Nama-Simic Synthesis at the Boston Athenaeum

PAINTER + POET: George Nama and Charles Simic Calderwood Gallery, Boston Athenaeum, Boston, MA, Feb. 10 through April 10.

George Nama's Monument for Jean Arp, 1971

George Nama's Monument for Jean Arp, 1971

Poet-artist collaborations of one kind or another have been a fixture of the art world for centuries, reaching a climax of sorts among the French Romantics of the early 19th-century, when Eugene Delacroix made some famous prints inspired by Lord Byron and Shakespeare. Yugoslavian-born Poet Laureate Charles Simic, one of America’s most distinguished writers, and his near-contemporary George Nama, a New York artist and printmaker, have collaborated for years on a latter-day version of the Delacroix-Byron exchange, revealed in an exhibition opening at the Athenaeum this month.

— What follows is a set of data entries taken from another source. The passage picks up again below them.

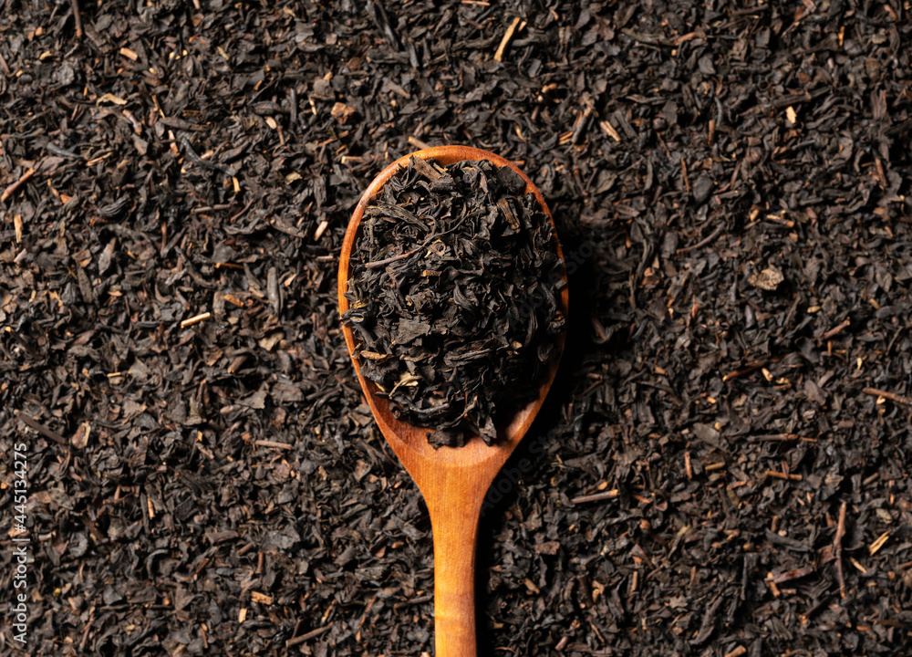 Background with tea leaves and a wooden spoon for the entire screen.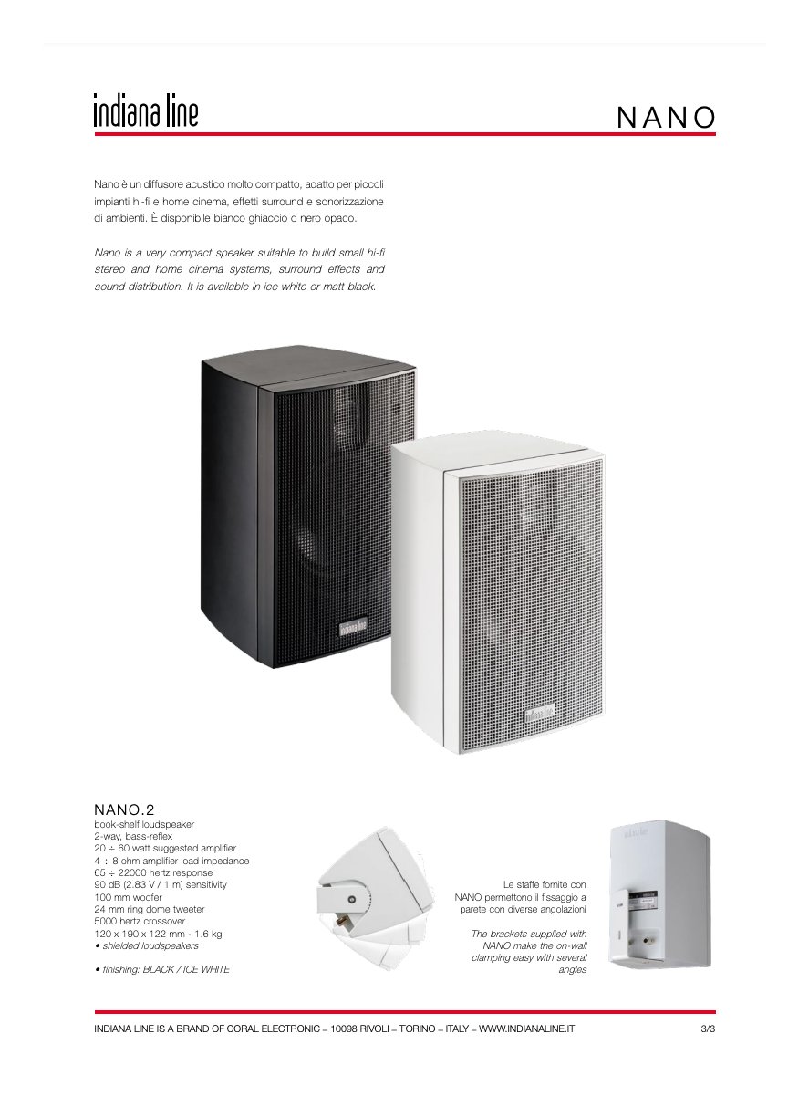Nano è un diffusore acustico molto compatto e versatile, adatto per piccoli impianti hi-fi, sistemi home cinema ed effetti surround, oltre che per la sonorizzazione di ambienti pubblici o privati. Può essere posizionato su un ripiano o fissato ad una parete: la staffa metallica inclusa nella confezione permette una facile installazione a muro con diverse angolazioni.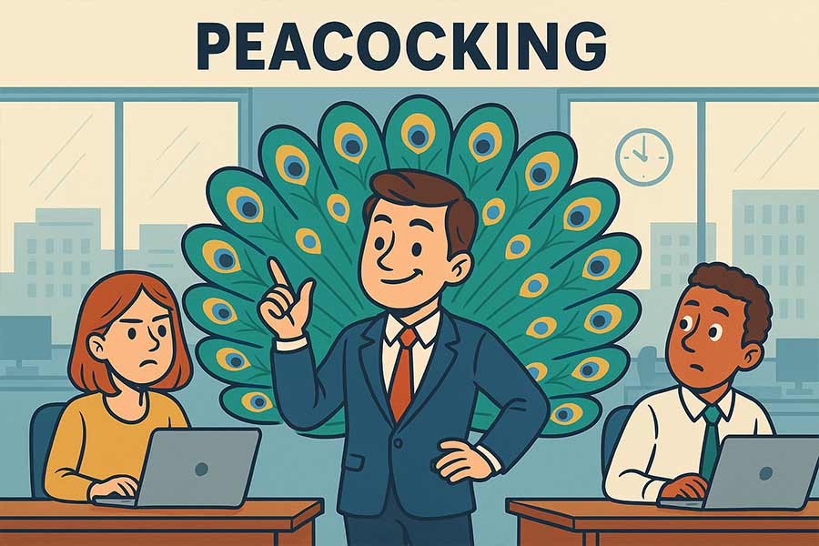 We all know that one colleague who struts into meetings with a PowerPoint that has too many transitions, a blazer with shoulder pads wide enough to land a plane, and the loudest laugh in the room. That’s peacocking: making sure everyone notices you, even if your ideas are bland.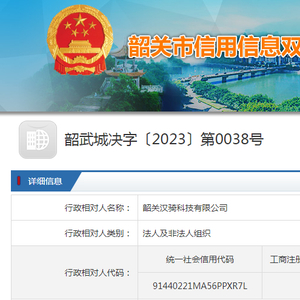 | 行政相对人名称: | 韶关汉骑科技有限公司 |

Though his organic shapes often seem based on studies of the human figure, Nama’s work is mostly abstract. So the etchings, gouaches, sculptures, and artists’ books in this show can’t be seen in any way as simple illustrations. Both Nama and Simic have deep roots in surrealism, so look for strong common currents under the surface.

Davis Redux

Something Like Fireworks, A New Installation by Stephen Vitiello, Davis Museum and Cultural Center, Wellesley College, Wellesley, MA, Feb. 24 through June 6.

Wellesley College’s Davis Museum and Culture Center lost its last director in a scandal about a missing Léger painting, long a prize Davis possession. Lisa Fischmann, a former chief curator of the University of Arizona Museum of Art in Tucson, takes over the Davis helm this month. Fischmann will preside over the opening of the sort of show that characterized the museum back in the 1990s: a large, multimedia presentation by sound artist Stephen Vitiello in collaboration with lighting designer Jeremy Choate.

Best known for his evocative use of ambient sounds, including a 1999 piece that recorded the creakings of New York’s World Trade Center in the remnants of Hurricane Floyd, Vitiello connects light and sound in this solo installation, his first in New England, to create what the museum calls “an immersive, synaesthetic experience.”